Activity
Starting at the line that contains "2025-2027年毕业生就", transcribe each line exactly through the end of the data below, and skip any pictures.

[Data records]
"""

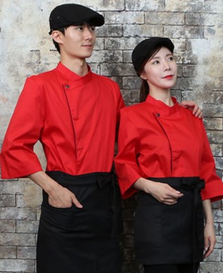 SKO-711-5 레드/네이비 띠배색 원버튼 스냅 7부 > 조리복
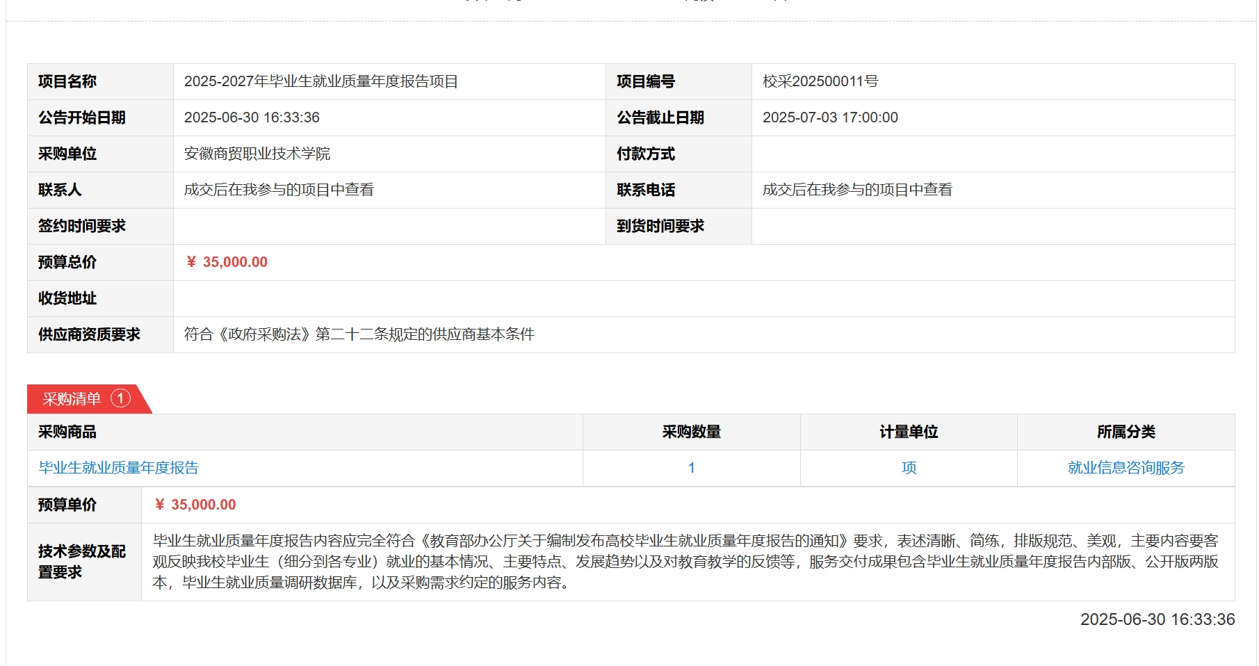 2025-2027年毕业生就业质量年度报告项目(校采202500011号)采购公告
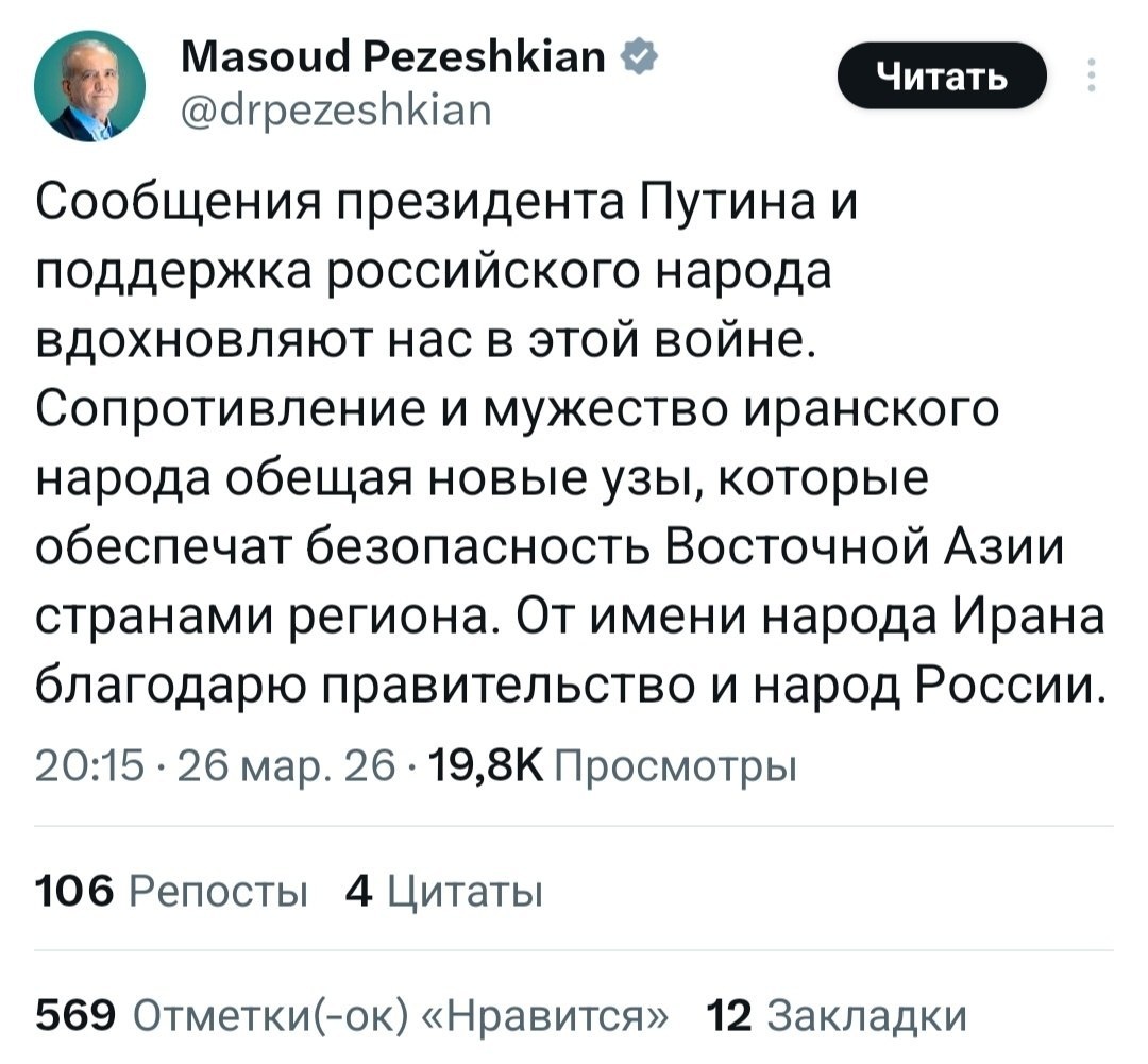 Президент Ирана Пезешкиан на русском языке поблагодарил Путина и народ России за поддержку.
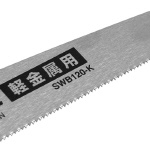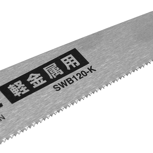 ●刃数/寸:(木工用)16枚目・(軽金属用):21枚目。 ●板厚:0.6mm。 ●ブレード表面処理:(木工用)クリアー塗装仕上げ・(軽金属用)無電解ニッケルメッキ仕上げ。 ●刃先衝撃焼入れ(軽金属用)。 ●刃:木工用・軽金属用。 ●グリップ部カラー:グリーン。 ●専用替刃品番:(木工用)SWB120-M・(軽金属用)SWB120-K。 |
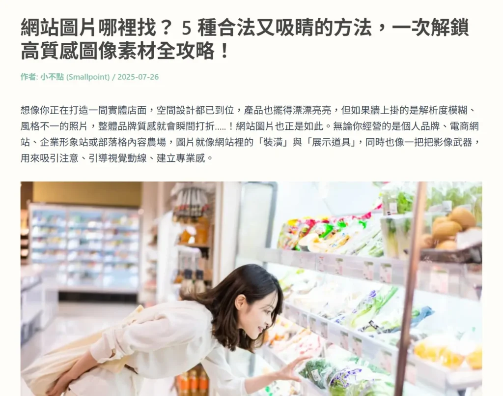 • 內文圖片:每頁 2–4 張,統一風格;先放 1200px 版本。
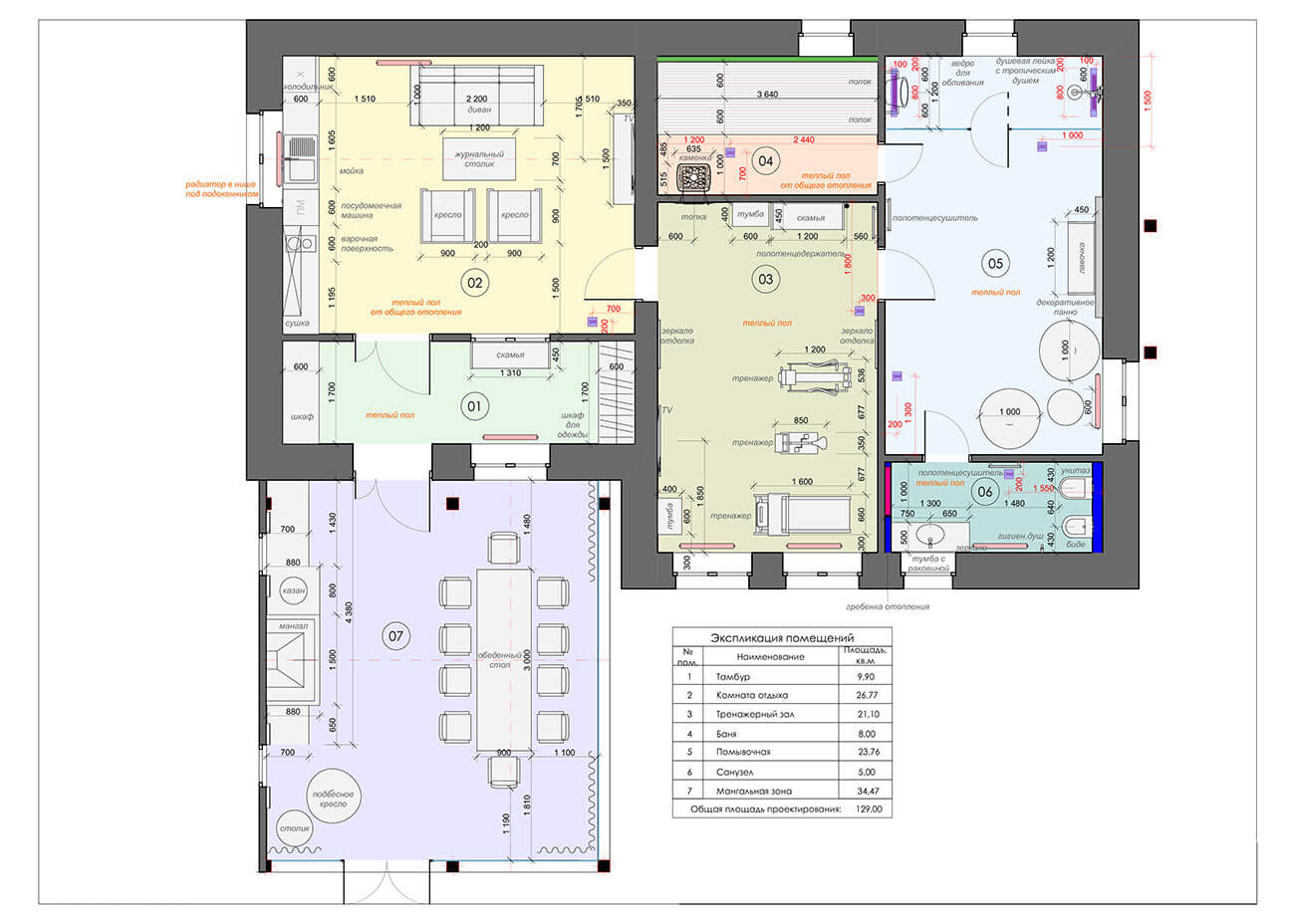Функционально здание имеет три зоны. Зона отдыха начинается на открытой террасе с мангальной зоной, переходит через прихожую в кухню с уютной мягкой зоной. Терраса имеет стеклянное ограждение, которое при желании сдвигается в сторону. Далее следует совмещенная раздевалка с тренажерами, которая ведет в «мокрую зону», где расположился «душ впечатлений», мини-чайная. Отсюда вход в баню и санузел.

"""

Response to the exercise
 2025-2027年毕业生就业质量年度报告项目(校采202500011号)采购公告
 Президент Ирана Пезешкиан на русском языке поблагодарил Путина и народ России за поддержку.
 ●刃数/寸:(木工用)16枚目・(軽金属用):21枚目。 ●板厚:0.6mm。 ●ブレード表面処理:(木工用)クリアー塗装仕上げ・(軽金属用)無電解ニッケルメッキ仕上げ。 ●刃先衝撃焼入れ(軽金属用)。 ●刃:木工用・軽金属用。 ●グリップ部カラー:グリーン。 ●専用替刃品番:(木工用)SWB120-M・(軽金属用)SWB120-K。 |
 • 內文圖片:每頁 2–4 張,統一風格;先放 1200px 版本。
Функционально здание имеет три зоны. Зона отдыха начинается на открытой террасе с мангальной зоной, переходит через прихожую в кухню с уютной мягкой зоной. Терраса имеет стеклянное ограждение, которое при желании сдвигается в сторону. Далее следует совмещенная раздевалка с тренажерами, которая ведет в «мокрую зону», где расположился «душ впечатлений», мини-чайная. Отсюда вход в баню и санузел.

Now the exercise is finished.